Compared with WeWork, however, Uber looks like a success. Like Uber, WeWork had a charismatic founder, Adam Neumann, who imbibed the Silicon Valley Kool-Aid of move fast and break things. Neumann presented WeWork as a disruptor par excellence, branding his office-sharing company a technology platform rather than a real estate company, just as Kalanick characterized Uber as a technology platform and not a ride sharing company. Like Kalanick, Neumann was forced out, but only after it became apparent that the company’s private market valuation of nearly $50 billion was a mirage bolstered by an astonishingly misguided $10 billion investment by Japanese billionaire Masayoshi Son and Softbank’s Vision Fund. The fund, with more than $100 billion in assets, bolstered by Son’s early stake in Alibaba and a considerable chunk from the Saudis, has more than enough cash to withstand the loss, which may explain why Son was willing to take such a gamble.
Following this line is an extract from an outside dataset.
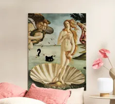 The Birth of Venus: Classic beauty in close-up" This design shows a close-up of Botticelli's iconic "The Birth of Venus", which captivates with its fine details and sleek golden strands of hair. The timeless elegance and perfect expression of Venus make this image a true work of art. Ideal for art lovers as a poster, wall decoration or for modern applications that reinterpret classic art.
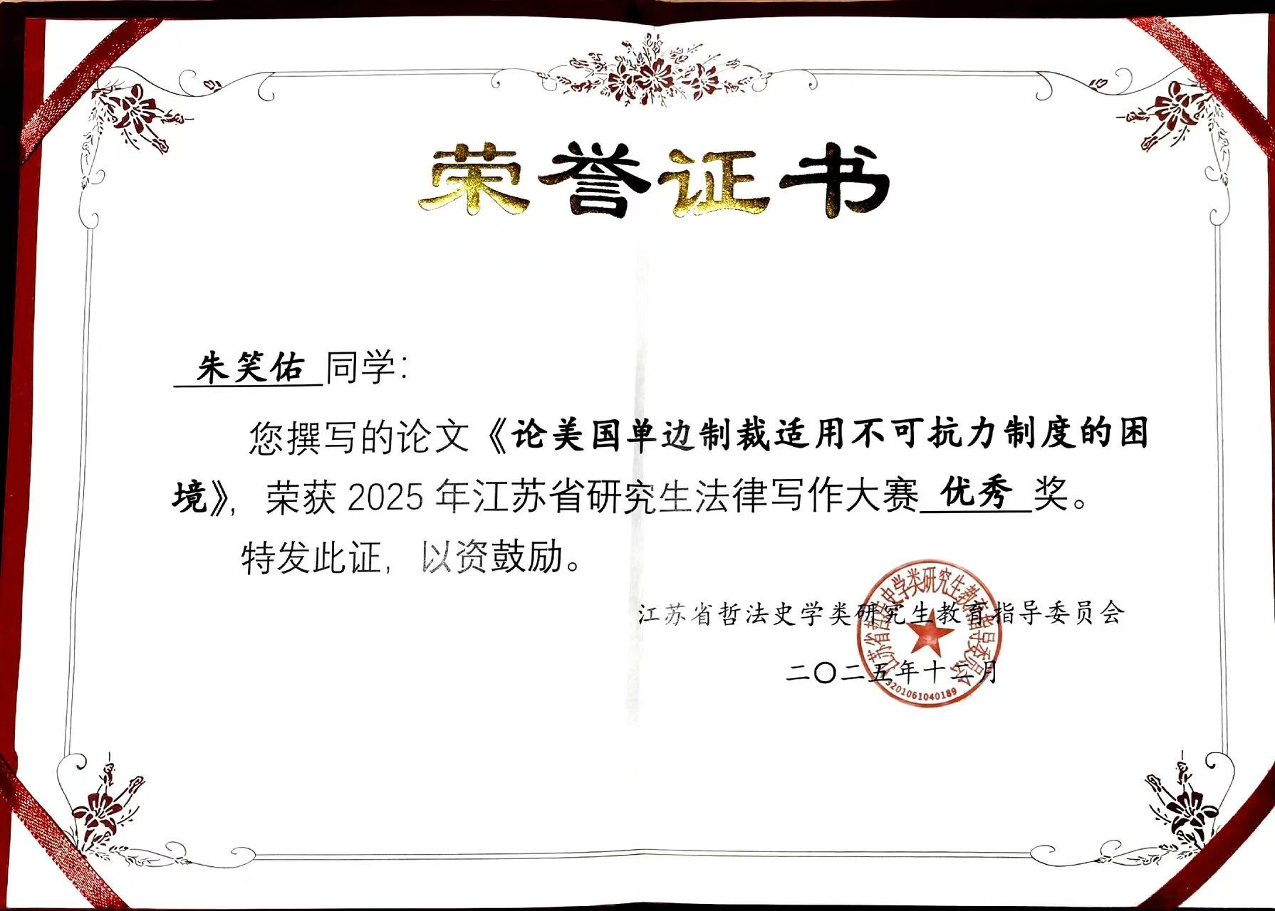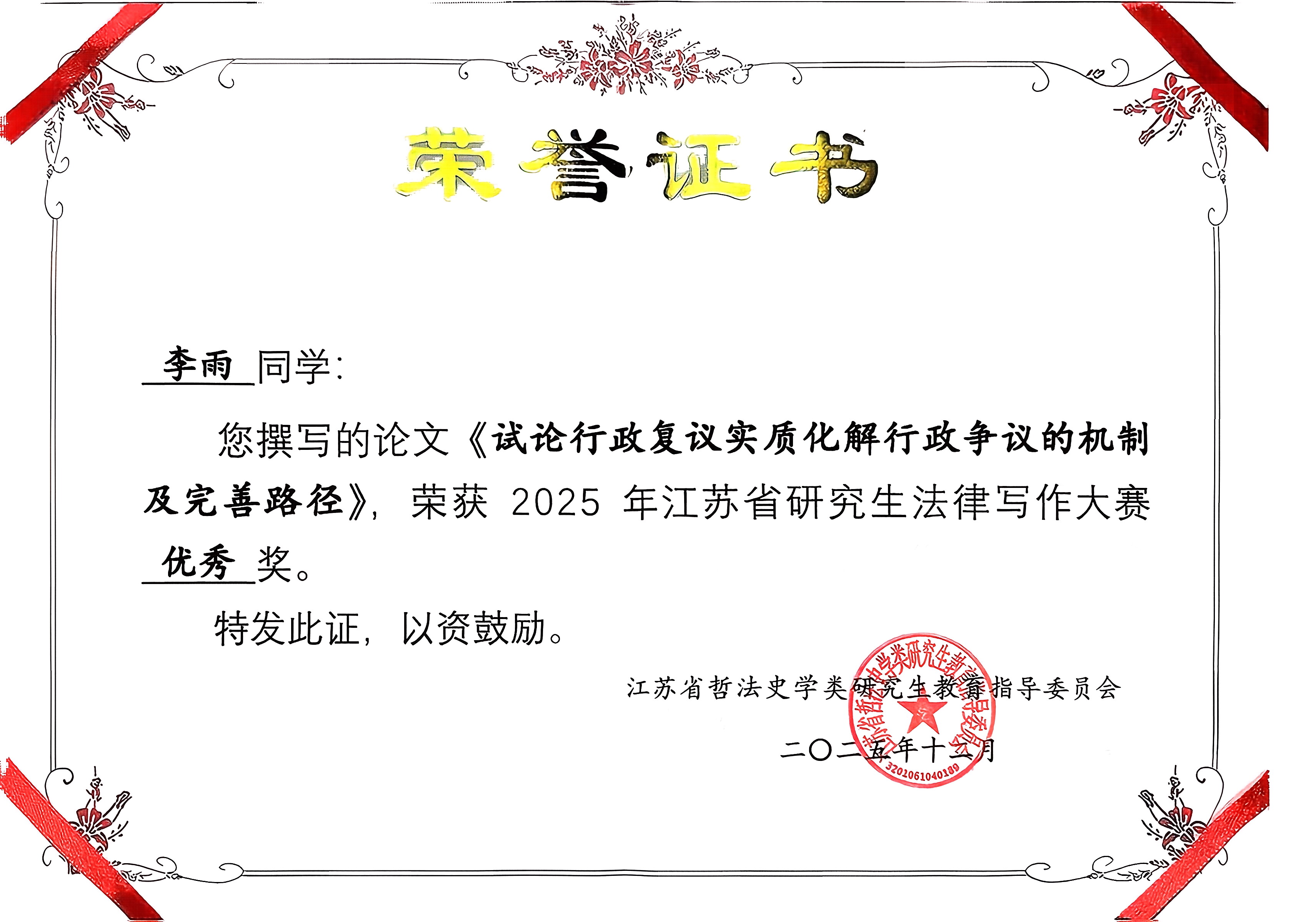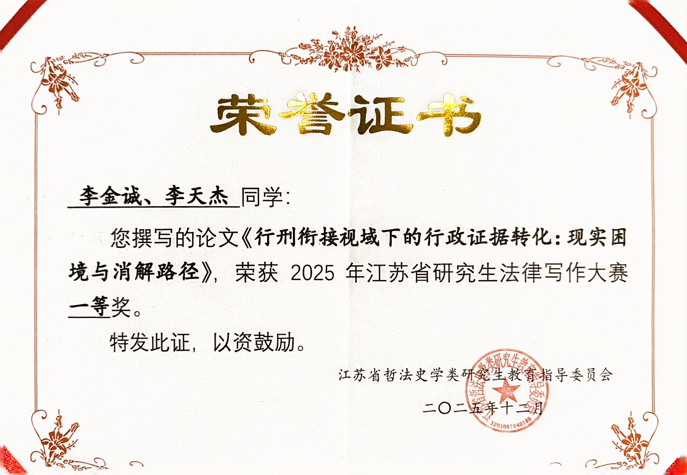 bw必威西汉姆联官网研究生在此次大赛中表现优异,共4篇作品进入决赛。其中,李金诚、李天杰两位同学合作的论文《行刑衔接视域下的行政证据转化:现实困境与消解路径》凭借其深入的研究视角和严谨的论证逻辑,荣获一等奖;徐紫瑶同学的论文《轻罪治理背景下附条件不起诉制度研究》荣获三等奖。此外,李雨同学的《试论行政复议实质化解行政争议的机制及完善路径》、朱笑佑同学的《论美国单边制裁适用不可抗力制度的困境》两篇论文获得优秀奖。

Following the sudden collapse of WeWork’s IPO plans, Peloton—an innovator in personal fitness that is bleeding hundreds of millions of dollars and does not see profitability for at least three years—went public and promptly sank, while the Endeavor Group, which has been attempting to rebrand itself as a multiplatform media company, took the temperature of the markets and decided it was best to shelve its own IPO plans, long in the making. And then there is Palantir, which barreled into data mining and built a significant business in both the private and government sectors but whose attempts to justify a $25 billion or more valuation in public markets have not borne fruit.

This string of high-profile stumbles has raised questions about the health of the broader market, and the economy—and given rise to clashing theories of impending doom. Some say the ability of money-losing companies to go public is a sign that the market is about to peak, on the theory that venture capital investors are trying to get what they can while they can. Others say the weak performance of these supposed giants is a sign that the market is about to crash, on the theory that if even the smart money can’t make money, then it’s clearly the end of the line. Both theories reach the same conclusion; like most theories about the market, neither has a great track record of predicting anything.

Stepping back from the noise, perhaps this is another case of bad news dominating the headlines. The tech version of the newsroom’s “if it bleeds, it leads” would be “the IPO market is broken” and “IPOs say market is poised for plunge.” But are these stories a pattern, or are we making one? Softbank has been throwing billions around. Son, its founder and CEO, has an inconsistent track record.

The rise and sudden fall of WeWork may say more about Son and Neumann and the vulnerability of private tech investors to the Steve Jobs-bad boy digital disruptor image than about public markets per se. The other IPOs misfires are worth noting, but they may be less a sign of public market trouble than a warning about private market exuberance or desperate needs for a cash exit. Given how smug venture investors can be about their ability to gauge value compared with public markets, it might be healthy for them to recognize that private markets are as susceptible to bubbles and group think as public markets.

In fact, looked at more broadly, the public markets—and tech IPOs—have done rather well this year, at least until the past few weeks. Zoom and Pinterest both had wildly successful debuts and are trading well above their initial price, as are Beyond Meat and Crowdstrike, now at the center of President Trump’s conspiracy theories surrounding servers, Russia, Ukraine, and the 2016 election.

What we have, then, is a story line that is more “tech is dead, long live tech” than one of “the end is near.” That doesn’t mean that all is well in public markets, only that these stories of IPO overreach do not in themselves point to systemic problems. It would be so nice if financial markets offered reliable tea leaves, but that would spoil all the fun.